Siad. Głos. Aport. Waruj. Łypnęła gniewnie na jego plecy. Radinka zachichotała i nawet jej śmiech brzmiał jakoś obco, egzotycznie.

– Nie martw się, moja droga. Wszystko będzie dobrze. Niedługo się spotkamy.

– Dziękuję… Bardzo mi miło. – Weszła na schody. Dokąd Roman ją prowadzi? Oby się okazało, że tylko do pokoju gościnnego. Ale jeśli Laszlo ma jego ząb, powinna wstawić go jak najszybciej.

– Roman? – Wyprzedził ją, straciła go z oczu.

Na półpiętrze zatrzymała się i podziwiała hol. Radinka szła w stronę zamkniętych drzwi po prawej stronie. Pantofelki z szarej skóry stukały na marmurowej posadzce. Wydawała się dziwna, ale w tym domu nic nie było normalne. Radinka otworzyła drzwi i hol zalały odgłosy z telewizora.

– Rhadinka? – zapiszczał kobiecy głos. – Gdzie jest pan? Miślałam, źe psibędzie z tobąą. – Im więcej mówiła nieznajoma, tym wyraźniejszy stawał się francuski akcent.

Kolejny obcy akcent? Jezu, trafiła do międzynarodowego domu świrów.

– Niech tu psijdzie – ciągnęła kobieta z francuskim akcentem, – Chcemy się zabawić.

Kolejny kobiecy głos włączył się do rozmowy i błagał Radinkę, żeby zaraz sprowadziła pana. Shanna się żachnęła. Pan. Kto to niby jest? Męska wersja dziewczyny „Playboya”?

– Cicho, Simone – rzuciła Radinka, nie kryjąc irytacji. – Jest zajęty.
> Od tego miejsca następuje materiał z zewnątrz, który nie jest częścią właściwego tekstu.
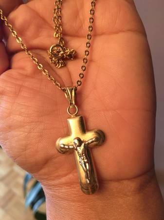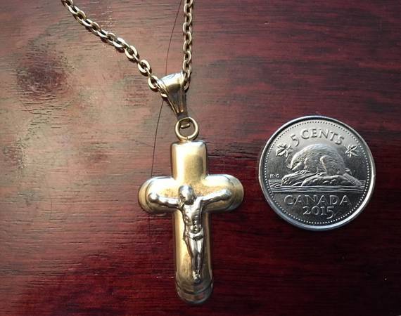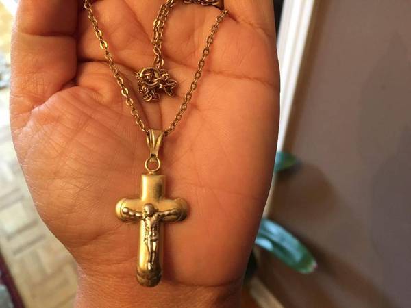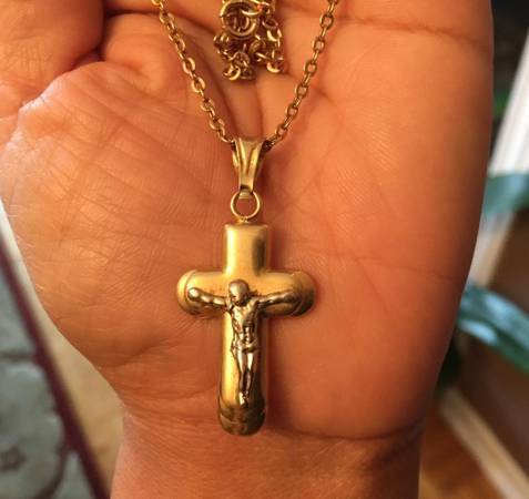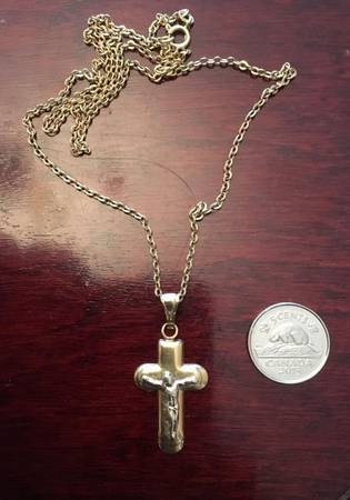 25 inch Long 18K yellow Gold Necklace with Crossification Cross...

– Ale ja psijechałam specjalnie z Parhyża… – Dalsze jęki urwały się nagle, gdy zamknęła drzwi.

Ciekawe. O którego faceta im chodziło? O jednego ze Szkotów? Hm. Shanna sama chętnie zajrzałaby im pod kilt.

– Idziesz? – Roman stał piętro wyżej i przyglądał się jej, marszcząc brwi.

– Tak. – Powoli pokonywała kolejne stopnie. – Wiesz, że jestem ci bardzo wdzięczna za wszystko, co zrobiłeś, żeby mi zapewnić bezpieczeństwo.

Rozpromienił się.

– Nie ma sprawy.

– Myślę więc, że nie będziesz zły, jeśli ci powiem o swoich obawach co do skuteczności twoich ochroniarzy.

Uniósł brwi. Obejrzał się za siebie, wrócił do niej wzrokiem i oświadczył spokojnie:

– To najlepsi ochroniarze na świecie.

– No, może, ale… – Dotarła do drugiego piętra, a tam stał kolejny Szkot w kilcie.

Mężczyzna zaplótł żylaste ramiona na piersi i przypatrywał się Shannie bacznie. Za jego plecami ze ściany zerkali elegancko ubrani ludzie z olejnych portretów. Wszyscy zdawali się patrzeć na nią gniewnie.

– Mogę prosić o więcej szczegółów? – W złotobrązowych oczach Romana pojawił się błysk rozbawienia.

A niech go szlag.

– No cóż. – Odchrząknęła. – Są bardzo przystojni. Zgodziłaby się ze mną każda kobieta. – Zauważyła, że Szkot odrobinę się rozchmurzył. – Świetnie ubrani, mają boskie nogi i strasznie mi się podoba ich chód.

Na twarzy Szkota pojawił się uśmiech.

– Dzięki, panienko.

– Nie ma za co. – Odpowiedziała uśmiechem. Roman zmarszczył czoło.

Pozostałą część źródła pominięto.